Somos fascinados pelas máquinas que inventamos e construímos. Modernamente, tem sido muito mais fácil nos identificarmos com as suas qualidades do que nos compararmos positivamente aos seres vivos. Sou admirador de árvores e plantas. Percebo que a sua aventada mudez é substituída por demonstrações óbvias de formas de expressão não percebidas. Em RUA 2, cheguei a colocar uma personagem a conversar com uma sábia árvore de uma ilha central da Avenida São Luiz.
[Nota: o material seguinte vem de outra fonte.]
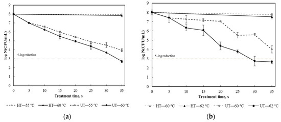 Freshly squeezed pulp free apple juice inoculated with E. coli and S. aureus, respectively, was ultrasonically processed at different temperatures (55 and 60 °C for E. coli, and 60 and 62 °C for S. aureus) and thermally treated at the same temperatures. The resulting survival curves are shown in Figure 2. In screening tests, ultrasonic processing was performed at temperatures below 50 °C for E. coli and below 60 °C for S. aureus. At those temperatures, the inactivation effect of ultrasound was not enough to achieve a 5-log microbial reduction in one minute. Figure 2a shows that sonication at 60 °C quickly reduced the cell density of E. coli by 5 logs in 35 s while the nonthermal nature of the process was still maintained because the sole heat treatment at the temperature led to a microbial reduction less than 0.3 log; however, an ultrasound treatment at 55 °C for 35 s resulted in a 4-log reduction. The strengthening effect of temperature on ultrasonic inactivation of E. coli was also found in other studies [30,31]. Figure 2b shows that the survival of S. aureus under ultrasonic processing exhibited a similar trend, but a higher processing temperature was needed because S. aureus cells have a cocci shape and a Gram-positive cell wall structure, making them more resistant to the lethal effect of ultrasound [21,32]. Figure 2b also shows that the inactivation rate was very slow in the first 20 s of the ultrasound treatment at 60 °C. However, as the temperature increased to 62 °C, the inactivation rate significantly increased, and a 5-log reduction was achieved in 29 s. Based on these results, suitable ultrasonic processing conditions for E. coli and S. aureus were obtained and given in Table 1.

Em 2016, invadi o reino inanimado das construções humanas para brincar com a nossa tendência em humanizar carros, ferramentas e objetos de uso pessoal. Escrevi:

“Numa dessas ocasiões, eu estava a caminho da academia, sempre a passar por ele. Desde que o vi pela primeira vez, havia simpatizado com o Hominho de Lata. Porém, naquele dia, algo mais aconteceu – lhe puseram óculos. Pronto! De imediato, me senti identificado. Eu “nasci” de óculos… Ou melhor, não me reconheço sem os óculos, figurativamente… A saber que as coisas mais intensas que faço são na penumbra, sem rejeitar a luz que se instaura…

Ali estava a mim mesmo, consubstanciado – homem que nasceu para ser nuvem, mas que se tornou lata – enrijecido pelos tempos a fora, em pose de quem carrega o peso e a função de sorrir, ainda que o mundo lhe envergue as costas… Boa sorte a minha de tê-lo como companheiro de percurso, a lembrar de minha (nossa) pequenez, Hominho de Lata!”.

A continuarmos a nossa saga de fugirmos de nossas características que nos liguem à Natureza, é bem possível que tenhamos muito maior parentesco com futuristas homens de lata do que com os seres vivos. Enfim, desumanizados.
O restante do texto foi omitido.